──────── RECORD SET

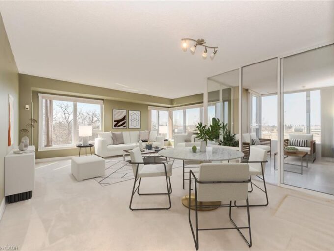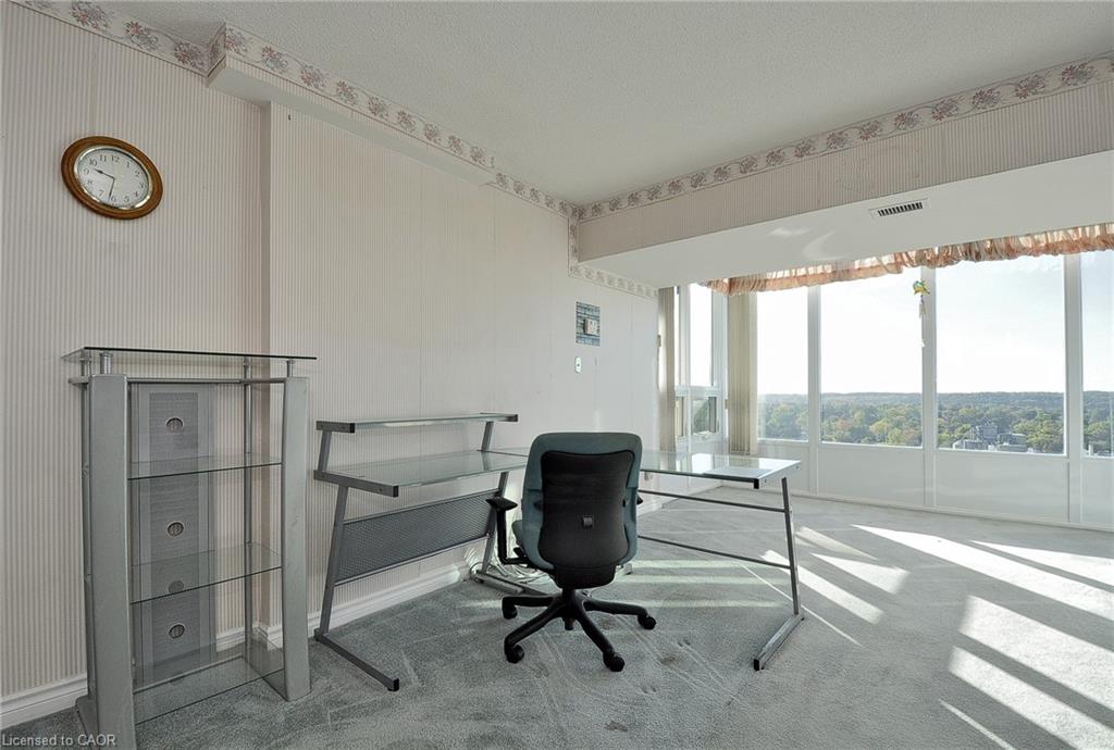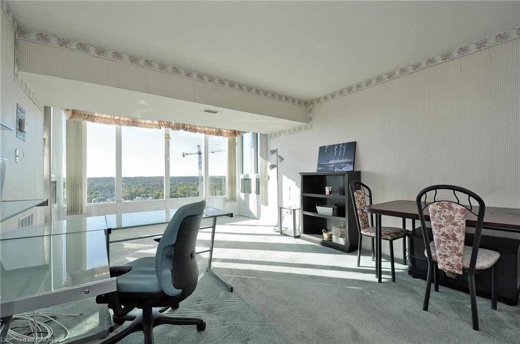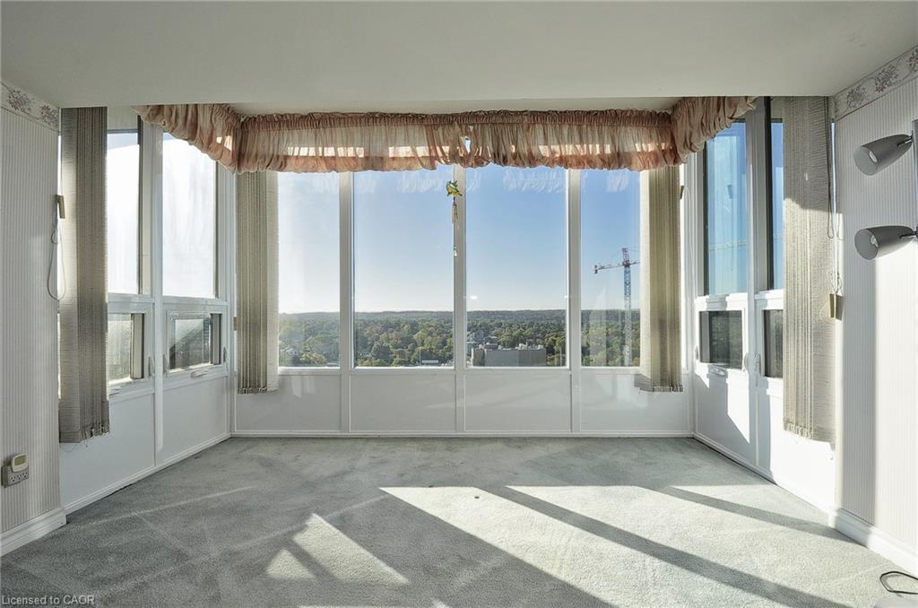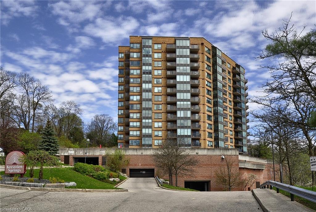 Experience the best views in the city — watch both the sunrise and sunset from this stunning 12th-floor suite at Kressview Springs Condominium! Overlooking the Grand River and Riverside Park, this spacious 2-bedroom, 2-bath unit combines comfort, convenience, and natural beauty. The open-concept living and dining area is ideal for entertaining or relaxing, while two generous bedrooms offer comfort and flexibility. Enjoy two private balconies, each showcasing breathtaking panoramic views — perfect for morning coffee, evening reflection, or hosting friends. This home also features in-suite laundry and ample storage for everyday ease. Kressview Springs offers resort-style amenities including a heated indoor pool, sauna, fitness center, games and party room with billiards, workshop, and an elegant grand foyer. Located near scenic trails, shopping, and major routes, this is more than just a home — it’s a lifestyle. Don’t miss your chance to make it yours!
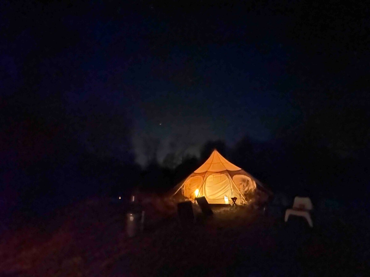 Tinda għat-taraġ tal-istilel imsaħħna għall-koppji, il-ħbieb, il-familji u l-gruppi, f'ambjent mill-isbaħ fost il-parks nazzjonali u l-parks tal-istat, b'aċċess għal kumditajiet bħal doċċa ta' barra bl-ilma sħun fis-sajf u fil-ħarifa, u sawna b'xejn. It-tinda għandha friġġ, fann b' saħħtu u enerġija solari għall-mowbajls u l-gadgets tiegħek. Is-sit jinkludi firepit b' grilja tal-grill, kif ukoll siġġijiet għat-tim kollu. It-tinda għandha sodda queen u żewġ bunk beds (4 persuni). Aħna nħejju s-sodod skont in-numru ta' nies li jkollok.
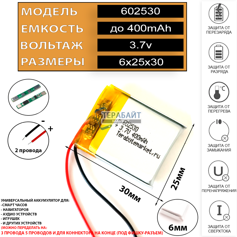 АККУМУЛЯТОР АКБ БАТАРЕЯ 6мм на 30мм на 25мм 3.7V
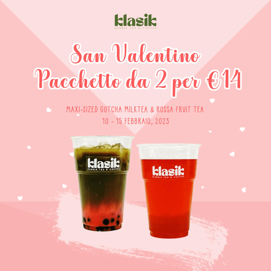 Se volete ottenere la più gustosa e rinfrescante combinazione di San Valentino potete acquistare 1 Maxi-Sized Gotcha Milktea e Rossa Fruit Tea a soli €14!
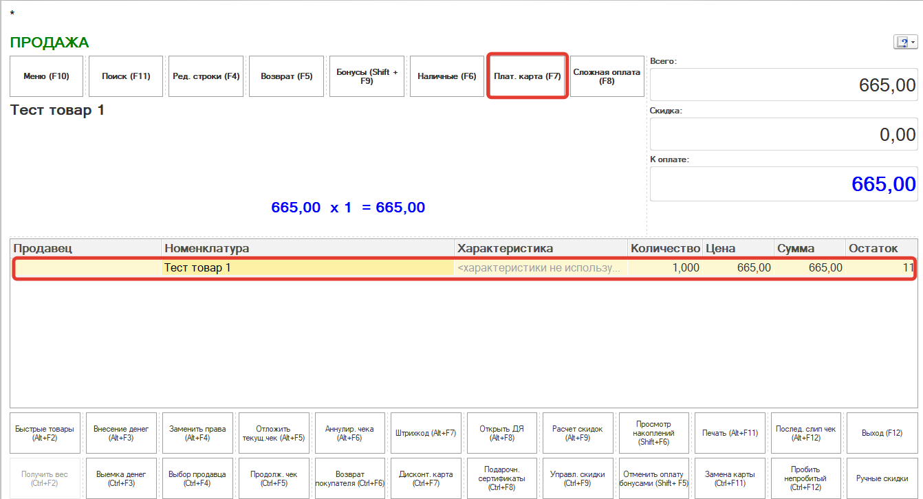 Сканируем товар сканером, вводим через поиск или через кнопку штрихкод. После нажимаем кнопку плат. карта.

────────────────

REQUIRED ACTION: Restate the material above word for word, omitting the pictures.

WRITTEN RESPONSE:
 Experience the best views in the city — watch both the sunrise and sunset from this stunning 12th-floor suite at Kressview Springs Condominium! Overlooking the Grand River and Riverside Park, this spacious 2-bedroom, 2-bath unit combines comfort, convenience, and natural beauty. The open-concept living and dining area is ideal for entertaining or relaxing, while two generous bedrooms offer comfort and flexibility. Enjoy two private balconies, each showcasing breathtaking panoramic views — perfect for morning coffee, evening reflection, or hosting friends. This home also features in-suite laundry and ample storage for everyday ease. Kressview Springs offers resort-style amenities including a heated indoor pool, sauna, fitness center, games and party room with billiards, workshop, and an elegant grand foyer. Located near scenic trails, shopping, and major routes, this is more than just a home — it’s a lifestyle. Don’t miss your chance to make it yours!
 Tinda għat-taraġ tal-istilel imsaħħna għall-koppji, il-ħbieb, il-familji u l-gruppi, f'ambjent mill-isbaħ fost il-parks nazzjonali u l-parks tal-istat, b'aċċess għal kumditajiet bħal doċċa ta' barra bl-ilma sħun fis-sajf u fil-ħarifa, u sawna b'xejn. It-tinda għandha friġġ, fann b' saħħtu u enerġija solari għall-mowbajls u l-gadgets tiegħek. Is-sit jinkludi firepit b' grilja tal-grill, kif ukoll siġġijiet għat-tim kollu. It-tinda għandha sodda queen u żewġ bunk beds (4 persuni). Aħna nħejju s-sodod skont in-numru ta' nies li jkollok.
 АККУМУЛЯТОР АКБ БАТАРЕЯ 6мм на 30мм на 25мм 3.7V
 Se volete ottenere la più gustosa e rinfrescante combinazione di San Valentino potete acquistare 1 Maxi-Sized Gotcha Milktea e Rossa Fruit Tea a soli €14!
 Сканируем товар сканером, вводим через поиск или через кнопку штрихкод. После нажимаем кнопку плат. карта.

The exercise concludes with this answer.